La primera cosa que chocó a aquellos forasteros, que se denominaban con el honorífico dictado francés de espíritus fuertes, -pero acá llamaremos con más propiedad ignorantes materialistas-, fue una hermosa imagen de la Virgen, que bajo su dulce y metafórica advocación de la divina pastora (que lo es del rebaño del que su Hijo es pastor), estaba colocada en el altar mayor, rodeada de sus ovejas, metáfora tan universal, que hasta los mismos protestantes llaman a sus curas pastores.

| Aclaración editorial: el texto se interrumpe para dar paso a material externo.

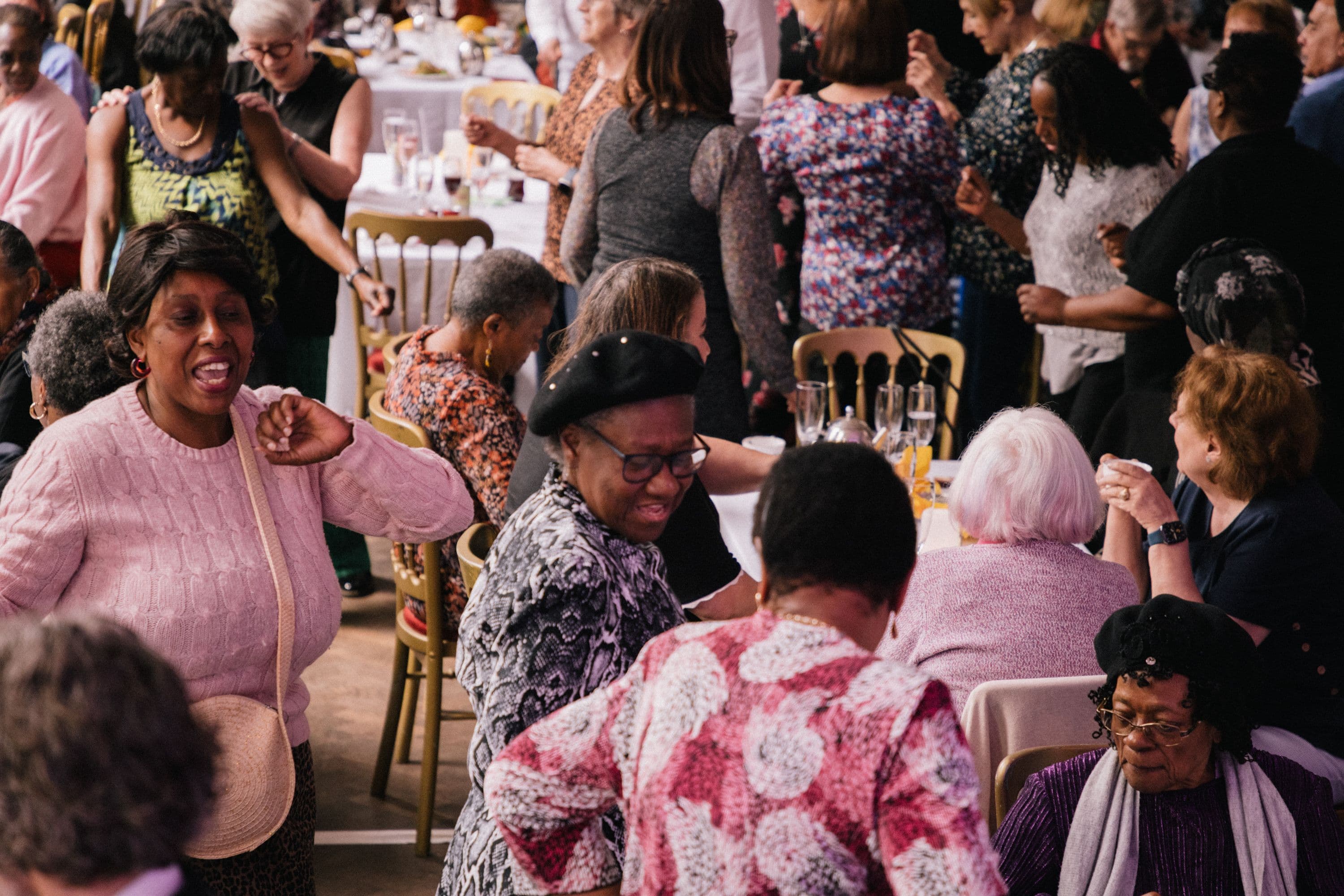 Photos capturing the Posh Club which is a glamorous performance and social club for people aged 60+ . It is held in transformed community venues across London and the South East. Inspired by 1940s afternoon tea it features vintage crockery live music homemade cakes and dazzling performances including cabaret drag and dance.

Nuestros viajeros, a pesar de que venían por cuenta de una junta bíblica, esparciendo Biblias, es de presumir que jamás habían leído el Nuevo ni el Antiguo Testamento, pues tanto les sorprendió el culto a la Madre de Dios, que su Divino Hijo instituyó en la Cruz, y tampoco se hacían cargo de las figuras conque en ambos Testamentos se hacen palpables estas altas verdades al limitado entendimiento del hombre.

Así fue que Mister Hall dijo a Mister Hill:

-El campo en este país sólo presenta eriales, selvas enmarañadas y desiertas: en cambio, en las iglesias hallamos la Arcadia! ¿Qué significa esta Filis?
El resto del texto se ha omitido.